Dataset excerpts ->
+ + + +
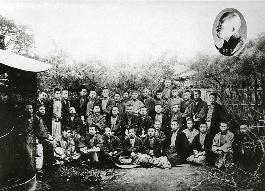 在子规庵客厅的廊子上拍的纪念留影,子规坐在中间一排的中央位置。与谢芜村的才能令子规为之倾倒,为他写了《俳人芜村》《俳谐大要》等作品,确立了参考西洋美术的写生方法的写生主义。杂志《杜鹃》和子规的写生主义感动了和歌诗人、小说家长塚节等人,由于他们的加入,直接促成了短歌杂志《阿罗罗木》的创刊。
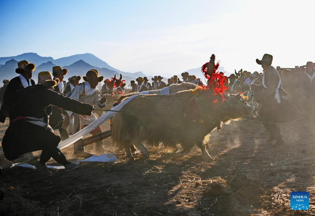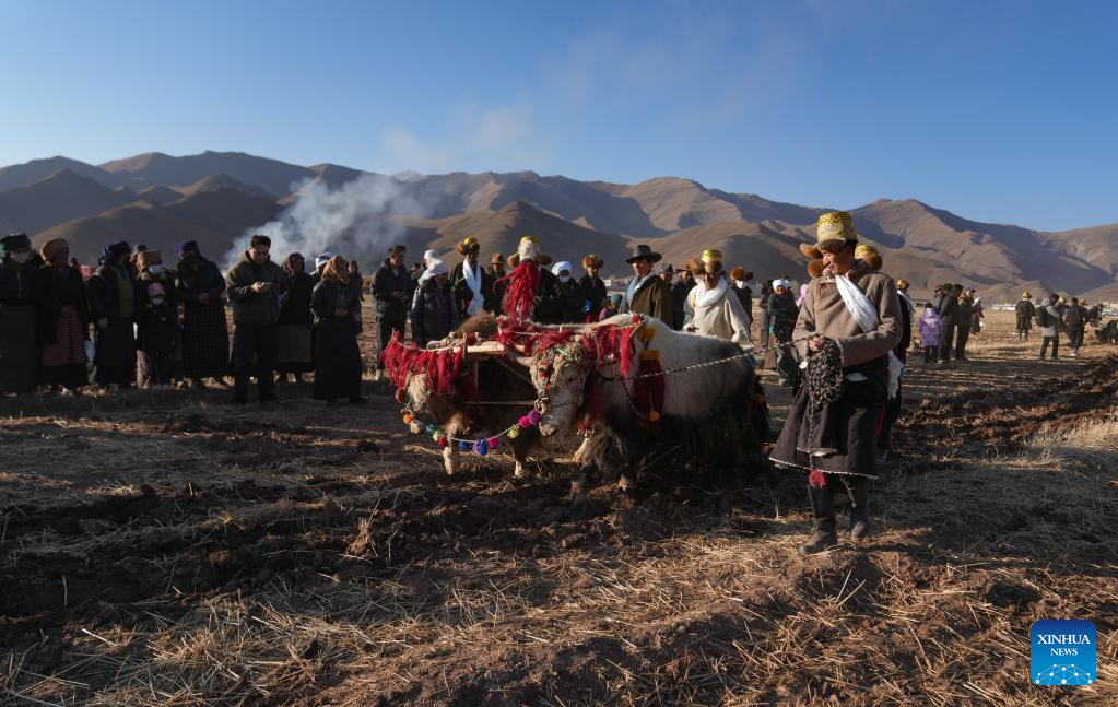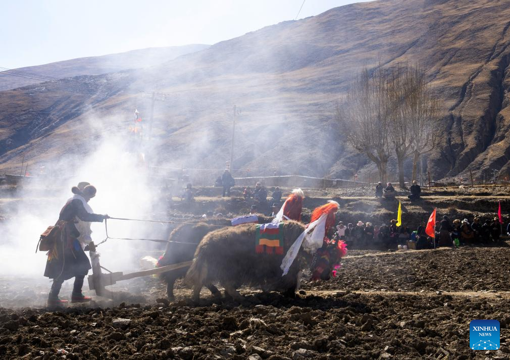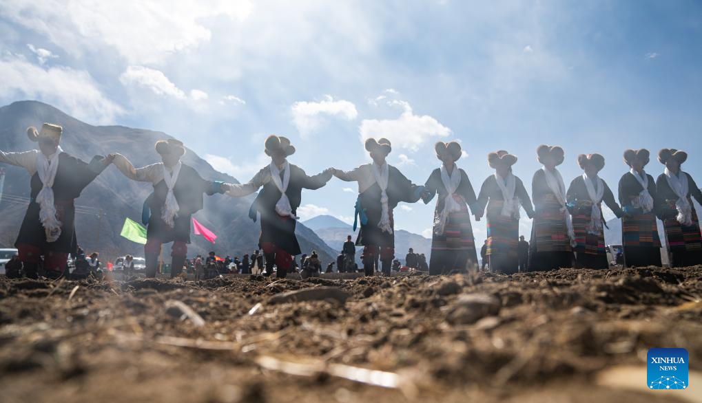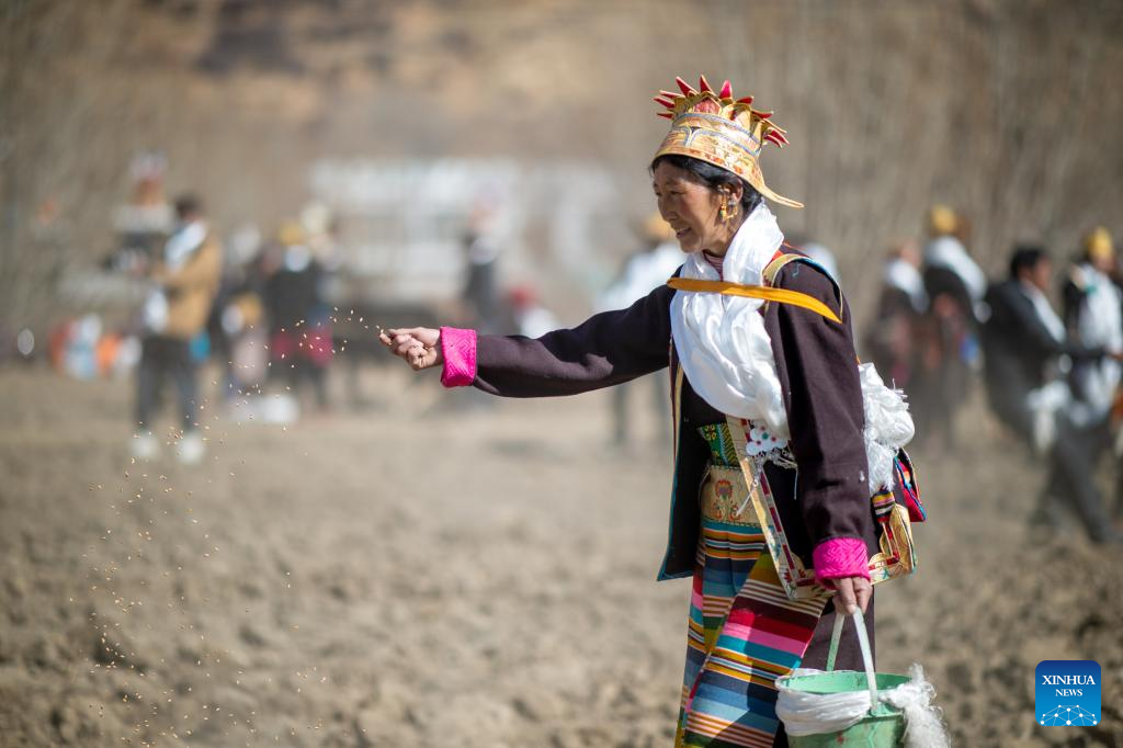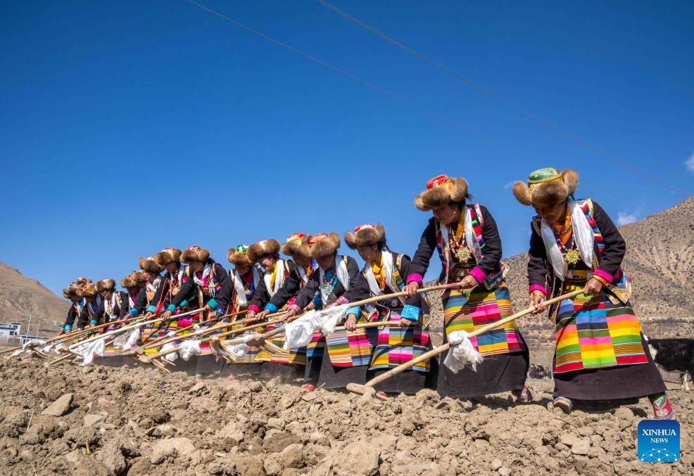 Farmers participate in a ceremony marking the start of spring farming in Doilungdeqen district of Lhasa, southwest China's Xizang Autonomous Region, March 16, 2024. Ceremonies marking the start of spring farming were held in Xizang on Saturday during which farmers held "chema" (a wooden box filled with colorful grains and barley flour, symbolizing good luck and prosperity in Tibetan culture), sang songs, and toasted each other with barley wine. The ceremony holds great significance as it marks the beginning of a new year's farming season and serves as a prayer for favorable weather and bountiful harvests. It is considered an important ritual in the farming regions of Xizang. (Xinhua/Tenzin Nyida)
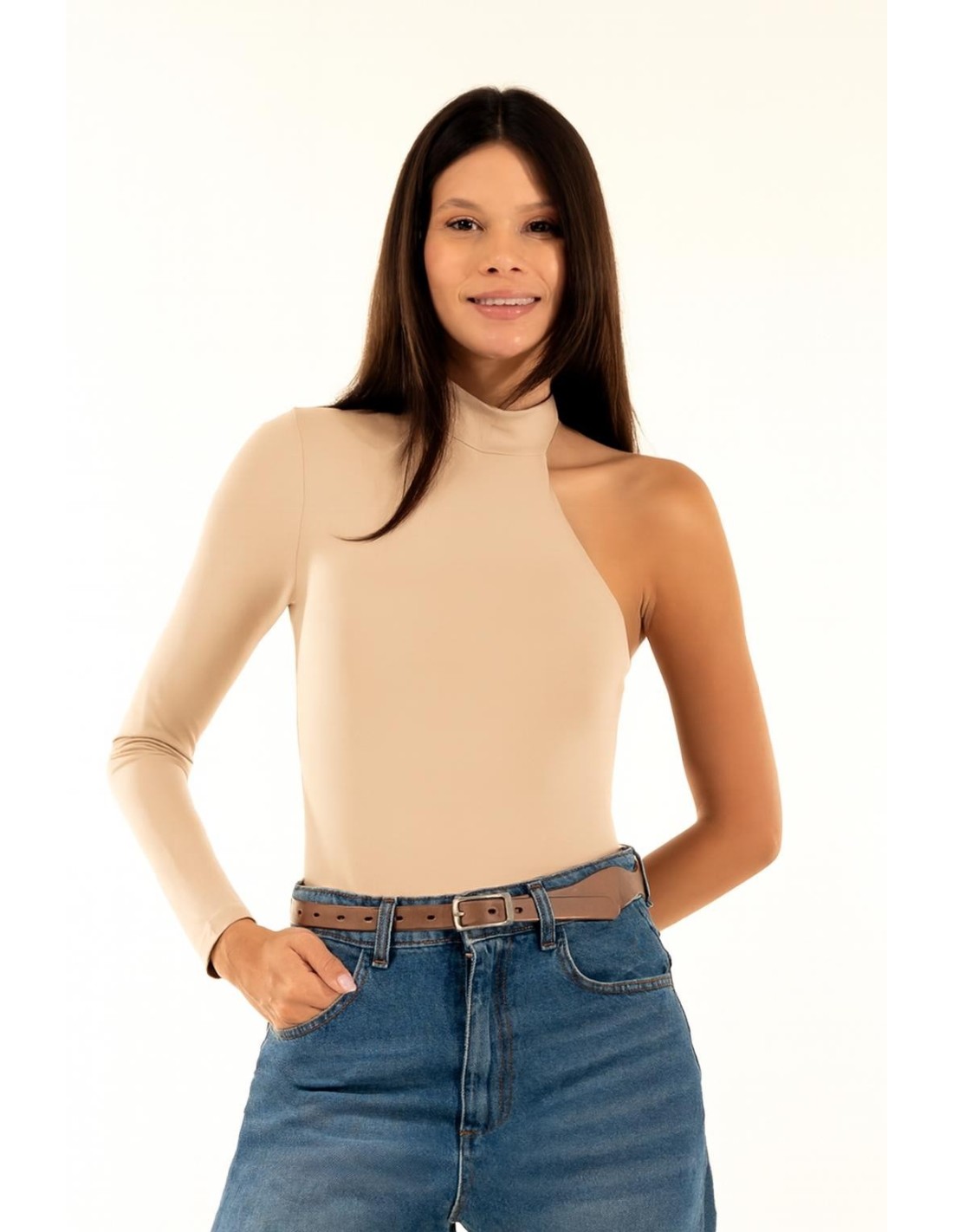 Camisola de manga comprida em jersey elástico suave para maior conforto e ajuste. O decote de um ombro só com gola subida realça a silhueta; fecho de botão de pressão no entrepernas para maior praticidade. Perfeito sob um blazer para o escritório ou com calças de ganga e saltos altos para a noite. Contemporânea e versátil.
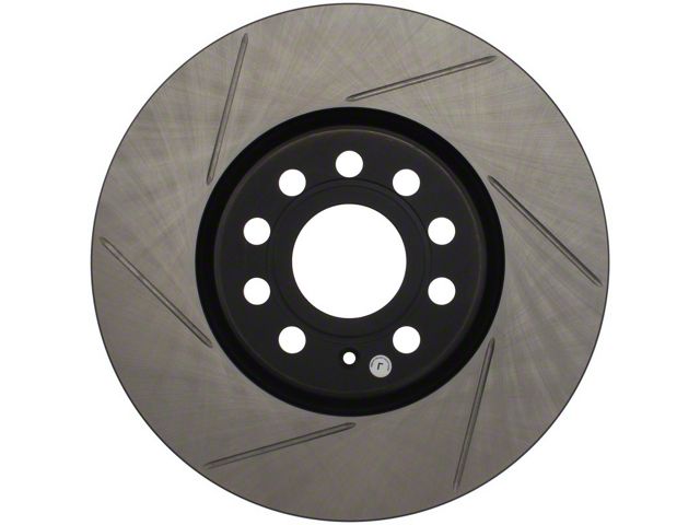 StopTech Slotted Sport Rotors are 1-piece direct replacement brake discs for factory brake systems and stock calipers that look great behind your wheels and offer significantly improved braking performance. The unique slotting aids with heat and brake dust dispersal; prevents glazing of the pads; adds bite and improves wet and dry braking performance. Built to last; the black e-coating provides protection from corrosion and the high carbon metallurgy (in most applications) offers quieter operation; better crack resistance and increased performance.
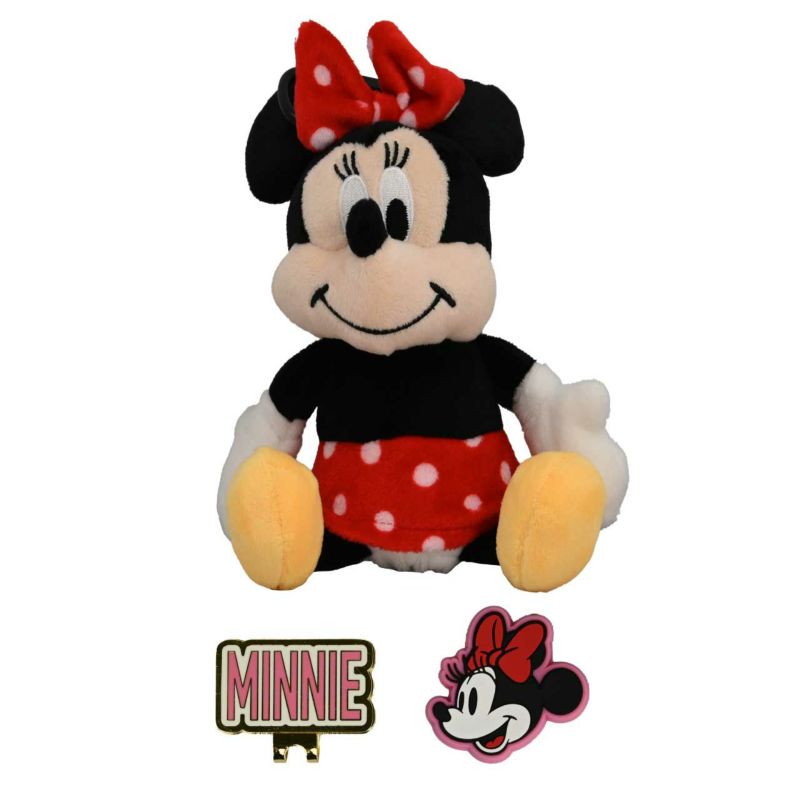 ディズニーキャラクターでおなじみミニーマウスのぬいぐるみポーチとMINNIKE文字入り台座付きゴルフマーカーのセットです。
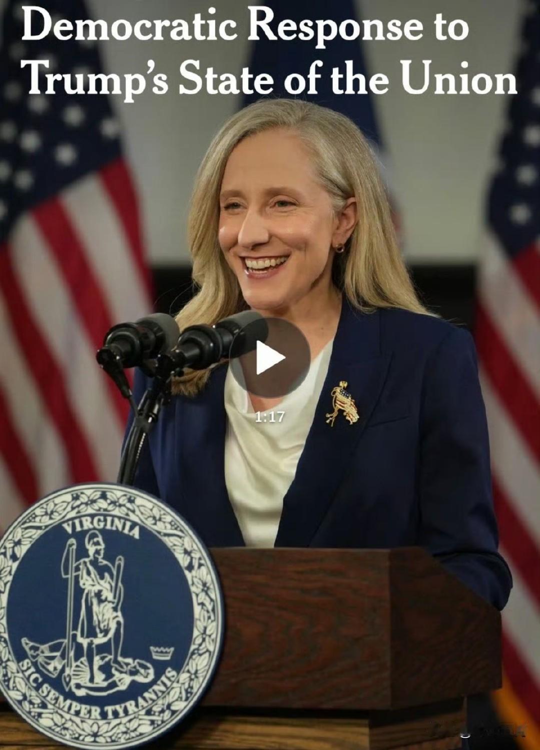 Trump国情咨文,形容美国是黄金时代、经济火爆,70%选民不同意,认为经济只是“还行”、或“不好” 民主党推出的反驳演讲(佛吉尼亚州长),重点强调他在说谎、普通人过得并不好 “他让物价更便宜了吗” “他是在为你工作吗” 答案是No,如果你是普通人
+ + + +
Exercise instructions -> With the images excluded, reproduce the data above precisely as written.

Result of this task ->
 在子规庵客厅的廊子上拍的纪念留影,子规坐在中间一排的中央位置。与谢芜村的才能令子规为之倾倒,为他写了《俳人芜村》《俳谐大要》等作品,确立了参考西洋美术的写生方法的写生主义。杂志《杜鹃》和子规的写生主义感动了和歌诗人、小说家长塚节等人,由于他们的加入,直接促成了短歌杂志《阿罗罗木》的创刊。
 Farmers participate in a ceremony marking the start of spring farming in Doilungdeqen district of Lhasa, southwest China's Xizang Autonomous Region, March 16, 2024. Ceremonies marking the start of spring farming were held in Xizang on Saturday during which farmers held "chema" (a wooden box filled with colorful grains and barley flour, symbolizing good luck and prosperity in Tibetan culture), sang songs, and toasted each other with barley wine. The ceremony holds great significance as it marks the beginning of a new year's farming season and serves as a prayer for favorable weather and bountiful harvests. It is considered an important ritual in the farming regions of Xizang. (Xinhua/Tenzin Nyida)
 Camisola de manga comprida em jersey elástico suave para maior conforto e ajuste. O decote de um ombro só com gola subida realça a silhueta; fecho de botão de pressão no entrepernas para maior praticidade. Perfeito sob um blazer para o escritório ou com calças de ganga e saltos altos para a noite. Contemporânea e versátil.
 StopTech Slotted Sport Rotors are 1-piece direct replacement brake discs for factory brake systems and stock calipers that look great behind your wheels and offer significantly improved braking performance. The unique slotting aids with heat and brake dust dispersal; prevents glazing of the pads; adds bite and improves wet and dry braking performance. Built to last; the black e-coating provides protection from corrosion and the high carbon metallurgy (in most applications) offers quieter operation; better crack resistance and increased performance.
 ディズニーキャラクターでおなじみミニーマウスのぬいぐるみポーチとMINNIKE文字入り台座付きゴルフマーカーのセットです。
 Trump国情咨文,形容美国是黄金时代、经济火爆,70%选民不同意,认为经济只是“还行”、或“不好” 民主党推出的反驳演讲(佛吉尼亚州长),重点强调他在说谎、普通人过得并不好 “他让物价更便宜了吗” “他是在为你工作吗” 答案是No,如果你是普通人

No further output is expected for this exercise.